Supervised learning systems generally form their predictions via a learned mapping f(x), which produces an output y for each input x (or a probability distribution over y given x). Many different forms of mapping f exist, including decision trees, decision forests, logistic regression, support vector machines, neural networks, kernel machines, and Bayesian classifiers. A variety of learning algorithms has been proposed to estimate these different types of mappings, and there are also generic procedures such as boosting and multiple kernel learning that combine the outputs of multiple learning algorithms. Procedures for learning f from data often make use of ideas from optimization theory or numerical analysis, with the specific form of machinelearning problems (e.g., that the objective function or function to be integrated is often the sum over a large number of terms) driving innovations. This diversity of learning architectures and algorithms reflects the diverse needs of applications, with different architectures capturing different kinds of mathematical structures, offering different levels of amenability to post-hoc visualization and explanation, and providing varying trade-offs between computational complexity, the amount of data, and performance.

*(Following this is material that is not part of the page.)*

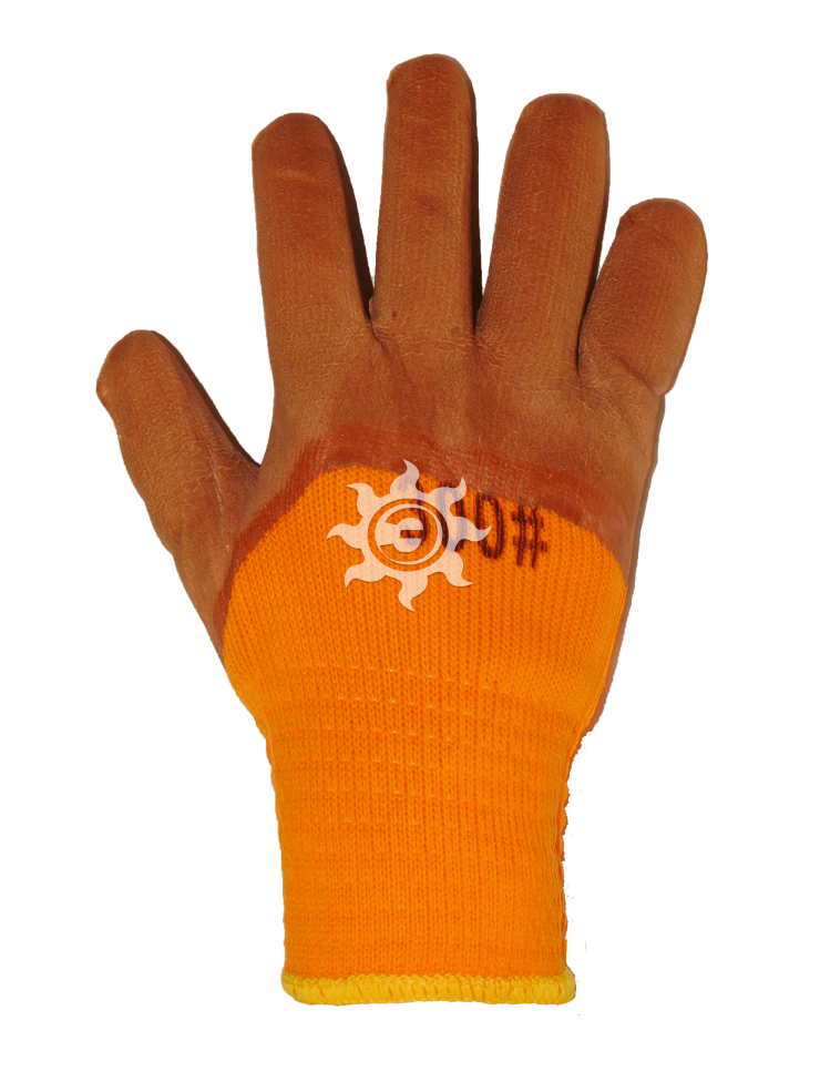Перчатки акриловые со вспененным латексным покрыт. глубокого мокания основа 10 класса вязки.Покрытие ладони - текстурированный латекс глубокого мокания коричневого цвета.Перчатки предназначены для использования до - 10 градусов Цельсия.Текстурированное латексное покрытие предотвращает проскальзывание обледенелых или холодных предметов или влажных и скользких предметов, предотвращает намокание перчатки. Плотная толстая основа со специальным начесом внутри сохраняет тепло рук и позволяет с комфортом работать на улице в зимний период при любой температуре до -10.Длинный манжет перчатки обеспечивает хорошую защиту от попадания снега на руку, конструкционная особенность манжета состоит в том, что при своей хорошей плотности он хорошо тянется и может быть одет сверху на рукав одежды для предупреждения попадания снега и холода под рукав или перчатку. Плотный двойной цветной оверлок с латексным кольцом предотвращает скатывание манжета - перчатка всегда остается плотно зафиксированной на руке.

监督学习系统通常通过学习映射f(x)形成预测，该映射为每个输入X生成输出Y（或给定X的Y上的概率分布）。存在许多不同形式的映射f，包括决策树、决策林、逻辑回归、支持向量机、神经网络、内核机和贝叶斯分类器。已经有各种学习算法来估计这些不同类型的映射并且还存在诸如boosting和多核学习之类的通用过程，其结合了多种学习算法的输出。从数据中学习f的过程经常利用优化理论或数值分析中的思想，并以特定形式的机器学习问题来推动创新（例如目标函数或集成函数包含大量项）。学习架构和算法的多样性反映了应用的不同需求，不同的架构捕获不同类型的数学结构，为事后可视化和解释提供了不同级别的适应性，并计算空间和时间复杂度。

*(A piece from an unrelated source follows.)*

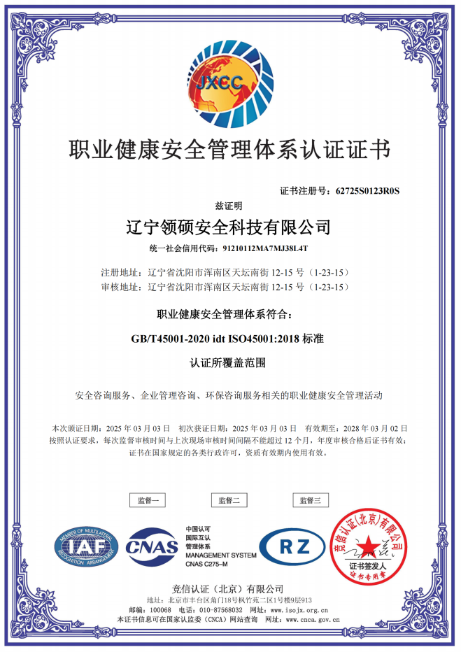 遼寧領碩安全科技有限公司位于遼寧省沈陽市渾南區天壇南街12-15號,注冊資金300萬。主要經營范圍為遼寧省范圍內的安全環保咨詢,生產安全事故應急預案技術服務、企業雙重預防機制建立、履職能力評估、企業科研項目安全部分服務等的技術服務機構?,F有員工12人,其中包括5名遼寧省級安全生產專家。成立于2022年4月18日,在盤錦市成立至今已經為30余家企業提供了安全環保技術咨詢。 業務范圍包括:技術服務、技術開發、技術咨詢、技術交流、技術轉讓、技術推廣,安全咨詢服務,環保咨詢服務,標準化服務,企業管理咨詢,科技中介服務,工程管理服務,特種作業...查看更多

One high-impact area of progress in supervised learning in recent years involves deep networks, which are multilayer networks of threshold units, each of which computes some simple parameterized function of its inputs(9, 10). Deep learning systems make use of gradient-based optimization algorithms to adjust parameters throughout such a multilayered network based on errors at its output. Exploiting modern parallel computing architectures, such as graphics processing units originally developed for video gaming, it has been possible to build deep learning systems that contain billions of parameters and that can be trained on the very large collections of images, videos, and speech samples available on the Internet. Such large-scale deep learning systems have had a major effect in recent years in computer vision (11) and speech recognition (12), where they have yielded major improvements in performance over previous approaches (see Fig. 2). Deep network methods are being actively pursued in a variety of additional applications from natural language translation to collaborative filtering.

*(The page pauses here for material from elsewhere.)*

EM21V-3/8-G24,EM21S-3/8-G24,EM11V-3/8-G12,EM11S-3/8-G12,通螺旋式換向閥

近年来在监督学习中一个具有重大影响的进步领域就是深度网络，它是阈值单元的多层网络，每个网络都计算其输入的一些简单参数化函数。深度学习系统利用基于梯度的优化算法和基于输出值的错误来调整整个多层网络中的参数。利用最初为视频游戏开发的图形处理单元等现代并行计算架构可以构建包含数十亿参数的深度学习系统，并且可以对网上大量图像、视频和语音样本进行训练。近年来，这样的大规模深度学习系统在计算机视觉（11）和语音识别（12）中产生了重大影响，与以前的方法相比它们在性能方面产生了重大改进（见图2）。从自然语言翻译到协同过滤，各应用都在积极地寻求深度网络解决办法。

The internal layers of deep networks can be viewed as providing learned representations of the input data. While much of the practical success in deep learning has come from supervised learning methods for discovering such representations, efforts have also been made to develop deep learning algorithms that discover useful representations of the input without the need for labeled training data (13). The general problem is referred to as unsupervised learning, a second paradigm in machine-learning research (2).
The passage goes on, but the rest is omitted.